Seoul – Ousted South Korean leader Yoon Suk Yeol’s lawyer on Feb 20 said Yoon’s bid to impose martial law was aimed at thwarting a “legislative dictatorship” by the opposition-controlled parliament, as the president became the country’s first sitting head of state to stand trial in a criminal case.

The 64-year-old former prosecutor has been behind bars since he was arrested in January on charges of insurrection, for which he could be sentenced to life in prison or face the death penalty.

Criminal proceedings at Seoul’s Central District Court on Feb 20 lasted just over an hour.

Mr Yoon attended the hearing but did not speak, an AFP journalist in the packed courtroom said.

There was heavy security around the building, with Yonhap news agency reporting police mobilised around 3,200 personnel to the site.

A supporter of the ousted president dressed in a Captain America superhero outfit was spotted outside the security perimeter.

Prosecutors have accused the suspended president of being the “ringleader of an insurrection”.

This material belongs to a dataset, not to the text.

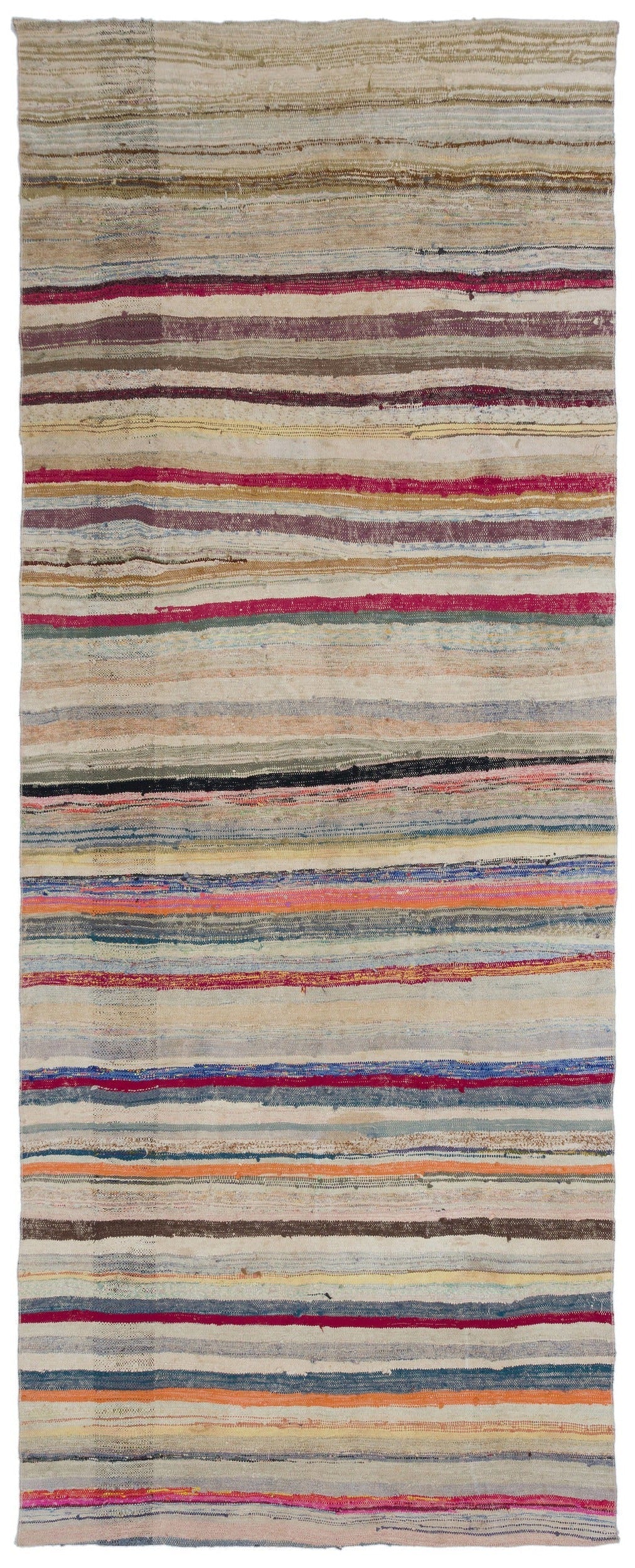 Girit Beige Striped Wool Handmade Area Rug 5'4" x 13'6"

They argued on Feb 20 against releasing him from the detention facility where he has been held since mid-January, saying Mr Yoon could try and “influence or persuade those involved in the case”.

Addressing the court, his lawyer Kim Hong-il in turn condemned the “illegal probe”, arguing the “investigating body has no jurisdiction”.

“The declaration of martial law was not intended to paralyse the state,” Mr Kim said.

Instead, he said, it was meant to “alert the public to the national crisis caused by the legislative dictatorship of the dominant opposition party, which had crippled the administration”.

“The judiciary must serve as the stabilising force,” he told the court’s three judges, warning that he was “witnessing a reality where illegality compounds illegality”.